The machine learning approaches were combined a data pre-processing technique and an evolutionary optimization algorithm based on k-fold cross validation. In addition, an attempt to do multi-step (days) streamflow forecasting is different compared to the previous studies (Rezaie-Balf et al., 2019; Seo et al., 2018; Zakhrouf et al., 2018; Abdollahi et al., 2017; Ravansalar et al., 2017; Zakhrouf et al., 2016). The forecasts confirmed the accuracy and effectiveness of developed models, based on the statistical indices and scatter diagrams. Different machine learning approaches (e.g., gene expression programming (GEP), support vector machines (SVM), extreme learning machines (ELM), model tree (MT), and multivariate adaptive regression spline (MARS) etc.) combined data pre-processing techniques (e.g., principal component analysis (PCA), maximum entropy spectral analysis (MESA), empirical mode decomposition (EMD), and ensemble empirical mode decomposition (EEMD) etc.) and evolutionary optimization algorithms (e.g., particle swarm optimization (PSO), ant colony optimization (ACO), harmony search (HS), tabu search (TS), and crow search algorithm (CSA) etc.) can also be pursued in further studies.
^{} 5. Conclusion
This study suggests three machine learning approaches, including artificial neural networks (ANN), adaptive neuro-fuzzy inference system (ANFIS), and wavelet-based neural networks (WNN) models for multi-step (days) streamflow forecasting in Seybous River basin, Algeria. The accuracy and effectiveness of developed models (i.e., ANN, ANFIS, and WNN) are evaluated based on four statistical indices, including root mean square error (RMSE), Nash-Sutcliffe efficiency (NSE), correlation coefficient (R), and peak flow criteria (PFC).

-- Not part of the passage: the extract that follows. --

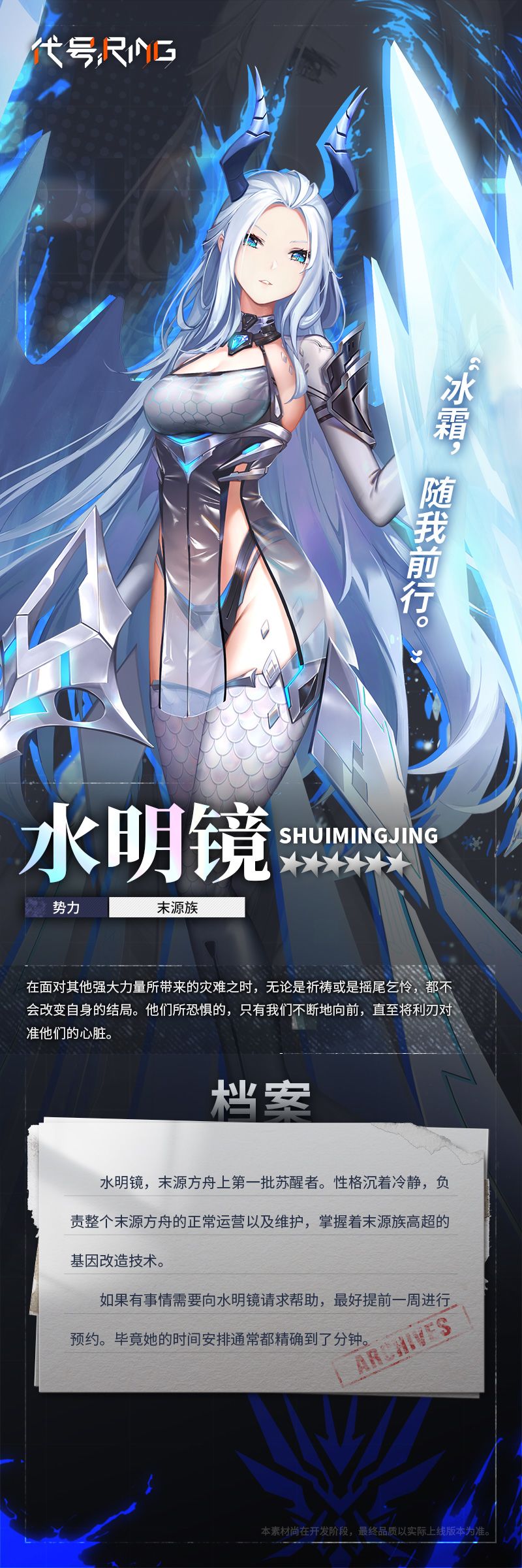 档案:水明镜,末源方舟上第一批苏醒者。性格沉着冷静,负责整个末源方舟的正常运营以及维护,掌握着末源族高超的基因改造技术。如果有事情需要向水明镜请求帮助,最好提前一周进行预约。毕竟她的时间安排通常都精确到了分钟。

Based on the combination of evolutionary optimization algorithm and k-fold cross validation, the statistical results of hybrid (i.e., WNN) model are superior to those of standalone (i.e., ANN and ANFIS) models for different multi-step (days). Also, the results of (t+1) day streamflow forecasting are superior to those of (t+2) and (t+3) days, based on statistical indices and scatter diagrams. The combination of machine learning approach and data pre-processing technique based on the evolutionary optimization algorithm and k-fold cross validation can be a potential implement for accurate multi-step (days) streamflow forecasting. Hybrid methodologies combining diverse machine learning approaches and data pre-processing technique based on other evolutionary optimization algorithms and cross validations can be recommended for further studies.